Letters from Campus: Kids these days

Author: Robert Schmuhl ’70

schmuhl.jpg

The student seemed one discouraging word away from tears. Looming class assignments, snowballing extracurricular demands and a festering bout of homesickness had collided to create a case of First Semester Anxiety.

“I’m not sure I can make it,” she confessed, avoiding direct eye contact.

With pep-talk phrasing, I assured her it’s often not easy to adjust to campus life. “Everybody has problems,” I remember saying.

Her personal clouds began to disperse after a few more upbeat utterances. Later I thought to myself: Little does she know.

Looking back on my own first year at Notre Dame—we were all freshmen in the late 1960s—I marvel that the University let me continue as a student, let alone join the faculty after serving time in graduate school elsewhere. Little did they know.

Instead of a formative period akin to James Joyce’s A Portrait of the Artist as a Young Man, those two semesters exist in memory (and in truth) as more closely resembling Dylan Thomas’s self-assessment in Portrait of the Artist as a Young Dog. What could go wrong usually did.

Midsemester deficiency reports (better known then as “pink slips”) arrived with frequency, with parents and student apprised of existing problems that could lead to ultimate failure. For me, the math and science requirements became a yearlong Stations of the Cross.

Fittingly, perhaps, salvation in calculus came from an ability to spell. The instructor’s Eastern European heritage was personified by his name, an impressive parade of consonants. On each quiz or test, he offered bonus points for correctly printing his last name.

When someone receives 20 out of 200 on the final exam, as I ignominiously did, a realistic teacher understands that additional mathematical tutelage is hopeless. He said as much when grades were posted, and I sincerely thanked him for my charity-case “D.”

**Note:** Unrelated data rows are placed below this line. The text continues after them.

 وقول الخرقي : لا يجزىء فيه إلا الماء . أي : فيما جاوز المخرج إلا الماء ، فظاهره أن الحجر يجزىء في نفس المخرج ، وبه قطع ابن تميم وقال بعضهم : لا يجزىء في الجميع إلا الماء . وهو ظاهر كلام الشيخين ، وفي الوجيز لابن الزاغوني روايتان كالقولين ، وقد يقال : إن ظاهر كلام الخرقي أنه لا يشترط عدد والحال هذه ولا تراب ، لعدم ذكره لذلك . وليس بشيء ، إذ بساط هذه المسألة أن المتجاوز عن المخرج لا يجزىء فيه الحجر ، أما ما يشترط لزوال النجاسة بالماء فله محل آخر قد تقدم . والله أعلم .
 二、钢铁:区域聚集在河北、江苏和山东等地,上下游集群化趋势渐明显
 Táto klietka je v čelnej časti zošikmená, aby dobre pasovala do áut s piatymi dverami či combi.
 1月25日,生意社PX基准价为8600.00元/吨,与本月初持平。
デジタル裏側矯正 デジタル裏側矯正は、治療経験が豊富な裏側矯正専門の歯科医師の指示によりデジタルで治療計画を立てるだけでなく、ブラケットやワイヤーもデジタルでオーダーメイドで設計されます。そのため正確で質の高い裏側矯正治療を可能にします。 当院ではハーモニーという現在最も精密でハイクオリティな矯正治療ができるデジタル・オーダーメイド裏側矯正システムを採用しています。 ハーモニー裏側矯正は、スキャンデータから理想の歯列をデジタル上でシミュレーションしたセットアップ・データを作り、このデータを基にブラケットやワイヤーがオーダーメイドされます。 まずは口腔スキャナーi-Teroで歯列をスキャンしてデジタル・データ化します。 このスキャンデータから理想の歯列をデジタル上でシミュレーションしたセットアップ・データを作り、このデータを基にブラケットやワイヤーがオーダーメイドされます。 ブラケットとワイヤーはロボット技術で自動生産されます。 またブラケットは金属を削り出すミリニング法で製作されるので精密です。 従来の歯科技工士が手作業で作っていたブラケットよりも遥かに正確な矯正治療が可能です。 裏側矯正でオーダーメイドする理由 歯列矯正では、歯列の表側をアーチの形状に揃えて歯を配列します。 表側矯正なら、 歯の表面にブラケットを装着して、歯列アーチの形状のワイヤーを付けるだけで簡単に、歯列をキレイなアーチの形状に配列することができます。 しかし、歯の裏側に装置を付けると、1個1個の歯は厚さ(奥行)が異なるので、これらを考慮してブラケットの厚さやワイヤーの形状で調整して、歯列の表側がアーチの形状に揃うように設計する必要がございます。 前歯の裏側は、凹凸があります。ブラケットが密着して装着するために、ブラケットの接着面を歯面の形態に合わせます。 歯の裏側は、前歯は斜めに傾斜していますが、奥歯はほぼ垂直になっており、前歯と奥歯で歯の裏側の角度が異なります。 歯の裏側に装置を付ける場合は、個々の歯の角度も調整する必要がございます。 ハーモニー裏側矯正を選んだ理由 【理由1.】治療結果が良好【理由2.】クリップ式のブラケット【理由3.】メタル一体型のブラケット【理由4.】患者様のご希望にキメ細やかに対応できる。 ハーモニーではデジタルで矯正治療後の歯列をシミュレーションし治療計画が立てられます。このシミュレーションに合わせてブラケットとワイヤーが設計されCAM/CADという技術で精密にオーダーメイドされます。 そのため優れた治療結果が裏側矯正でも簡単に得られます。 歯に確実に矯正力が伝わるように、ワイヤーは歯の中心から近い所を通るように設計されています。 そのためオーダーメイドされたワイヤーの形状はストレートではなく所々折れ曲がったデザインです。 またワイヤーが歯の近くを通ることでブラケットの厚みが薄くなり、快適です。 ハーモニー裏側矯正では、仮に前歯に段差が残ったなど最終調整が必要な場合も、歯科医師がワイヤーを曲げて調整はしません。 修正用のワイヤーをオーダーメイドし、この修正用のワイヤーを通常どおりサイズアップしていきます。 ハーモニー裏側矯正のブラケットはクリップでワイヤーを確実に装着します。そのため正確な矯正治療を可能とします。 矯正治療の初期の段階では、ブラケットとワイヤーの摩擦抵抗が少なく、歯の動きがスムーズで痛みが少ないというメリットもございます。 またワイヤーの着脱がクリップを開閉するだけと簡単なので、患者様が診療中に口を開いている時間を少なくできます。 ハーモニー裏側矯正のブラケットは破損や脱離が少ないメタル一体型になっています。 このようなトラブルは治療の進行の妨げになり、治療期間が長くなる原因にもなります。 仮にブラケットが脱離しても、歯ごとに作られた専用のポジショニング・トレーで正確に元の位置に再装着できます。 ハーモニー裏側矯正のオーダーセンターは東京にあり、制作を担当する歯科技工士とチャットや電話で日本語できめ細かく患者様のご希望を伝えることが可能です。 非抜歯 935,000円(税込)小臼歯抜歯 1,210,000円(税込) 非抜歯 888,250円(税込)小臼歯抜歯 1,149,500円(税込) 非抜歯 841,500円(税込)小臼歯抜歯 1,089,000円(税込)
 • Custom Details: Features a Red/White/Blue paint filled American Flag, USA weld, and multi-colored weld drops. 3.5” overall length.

Even in the realm of pass-fail instruction, I couldn’t avoid problems. In that long-ago age, the Physical Education Department conducted a mandatory swimming test that was as much rite of passage as measurement of aquatic prowess. Each student had to complete a series of laps. There we were, lined up at the Rockne Memorial pool without benefit of what the British call a swimming-costume. Who in that state would confess an inability to perform the routine?

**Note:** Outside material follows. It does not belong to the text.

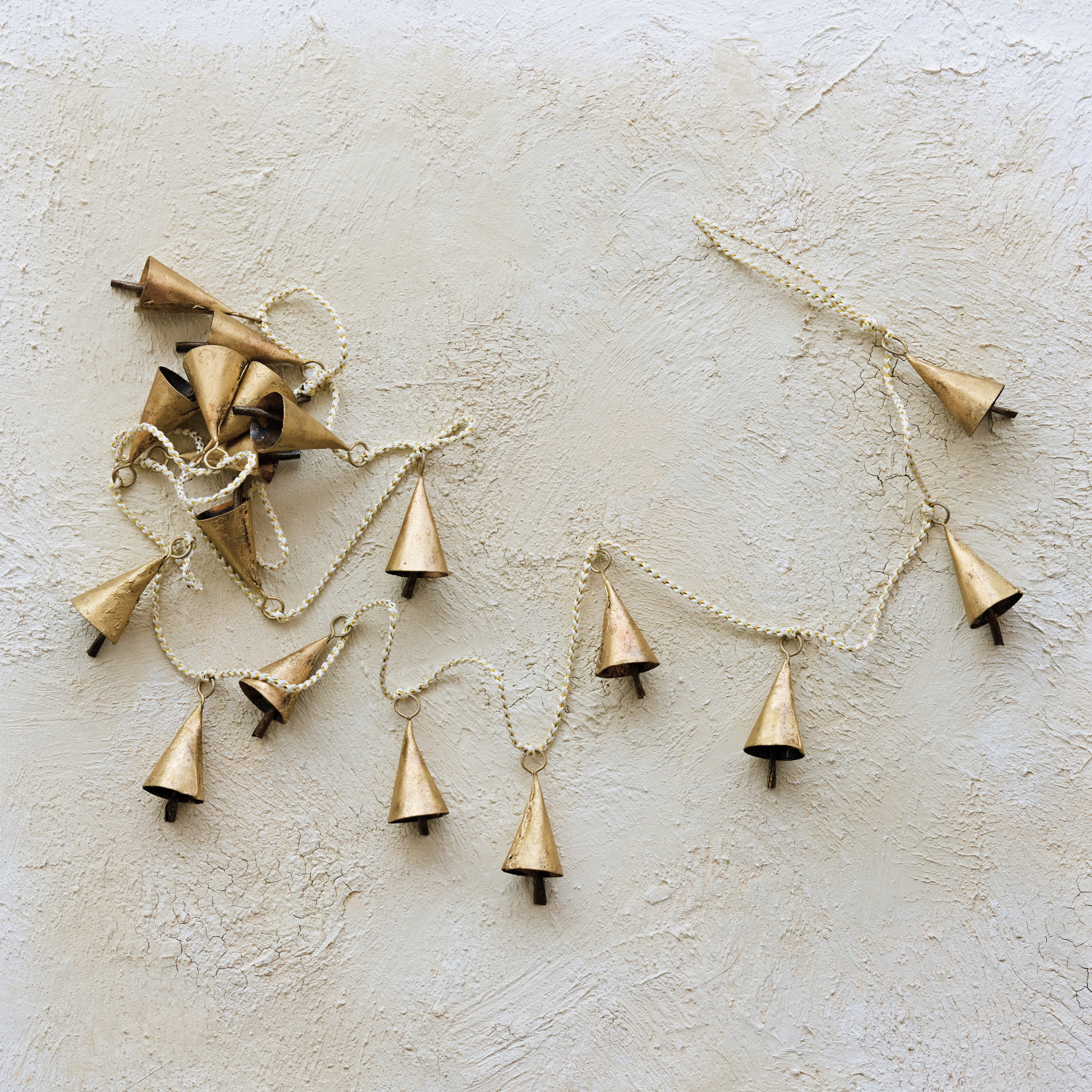 Metal Bell Garland with White & Gold Cord, Gold Finish

I, however, floundered half of the first lap before a perturbed teacher-lifeguard fished me out with a long pole. Can an entire body blush? I learned the answer that day.

Dorm life normally provided a refuge from the slings and arrows of mental and physical development. But one evening, halfway through the year, some horsing around in Stanford Hall resulted in the little toe of my right foot becoming wedged under the room’s door.

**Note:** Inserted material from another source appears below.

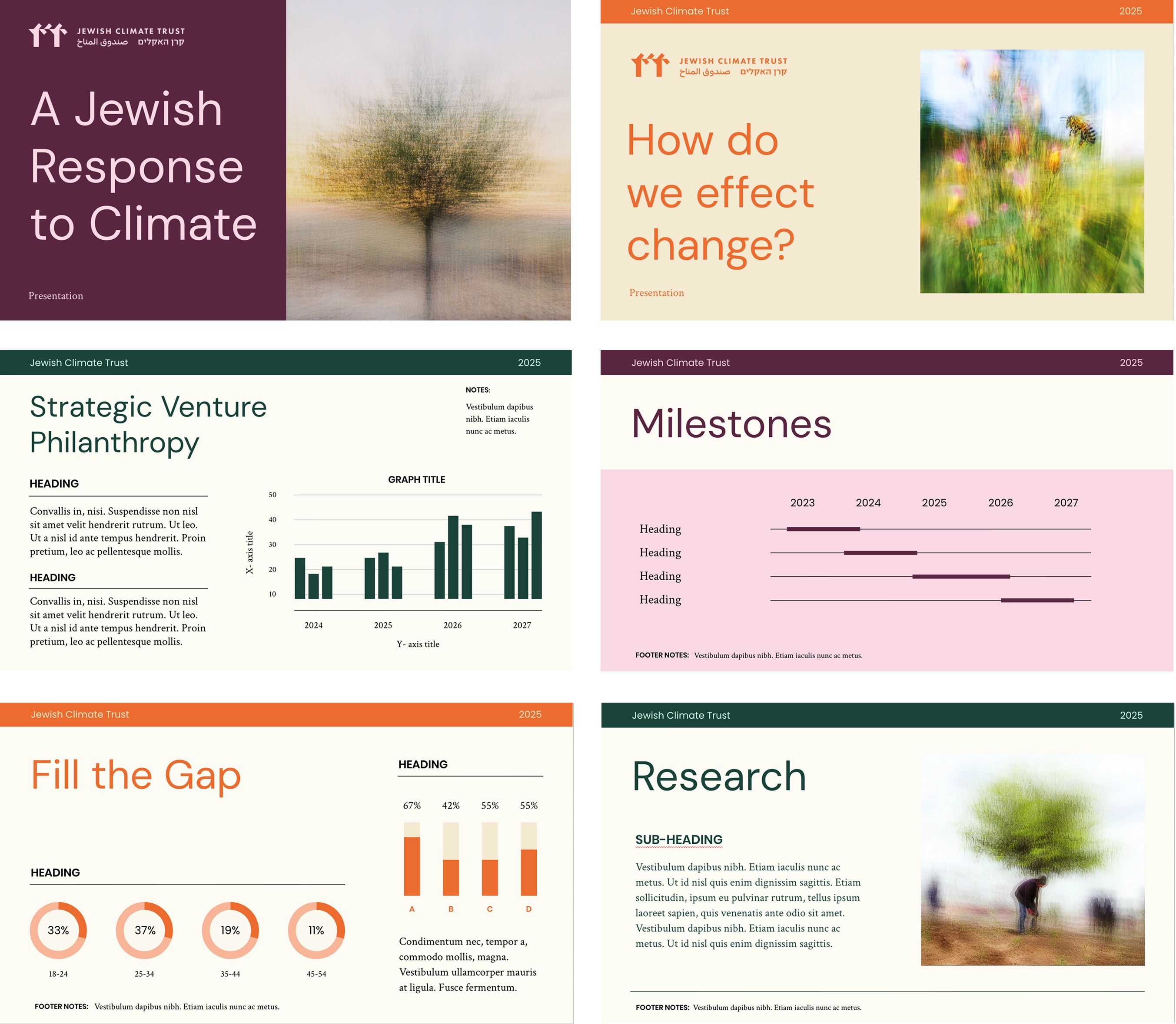 This identity doesn’t need to shout. It earns attention through restraint and confidence. Across reports, convenings and campaigns, the system builds consistency and credibility. It is flexible, dignified and designed to grow across every platform. The Jewish Climate Trust now stands as a serious and strategic force for climate action — a brand built not just to inspire belief but to mobilise it, underpinned by an identity that thinks, acts and gives us reason to hope.

Quick extraction and inspection revealed that the toe now pointed sideways. A neighborly football player, proud of his weight-lifting talents, gathered me in his arms—a Kodak moment in itself—and deposited me in the waiting room of the nearby infirmary.

When I showed the nurse my wounded foot, she said tape and firm shoes were the only remedy for a broken toe. After carefully strapping my big toe to the one next to it, she wanted to know whether the foot felt better.

“It’s my small toe. Should that be taped, too?” I inquired.

“You’ve sure got a fat big toe,” she retorted without apology or sympathy before setting to work on the actual injury.

Somehow, probably my parents’ prayers, I survived freshman year and spent the next one overseas on an international program. To be sure, an innocent went abroad—but nothing in a foreign clime ever compared to those early months of collegiate experience.

The last time I saw the student who provoked these repressible remembrances, she seemed at home on campus and sunny in outlook. Classes were going well, and she was debating whether to study in London or Dublin for her next year.

_Robert Schmuhl is Walter H. Annenberg/Edmund P. Joyce chair of American studies and journalism at Notre Dame. He is the author of _ In So Many Words: Arguments and Adventures, recently published by Notre Dame Press.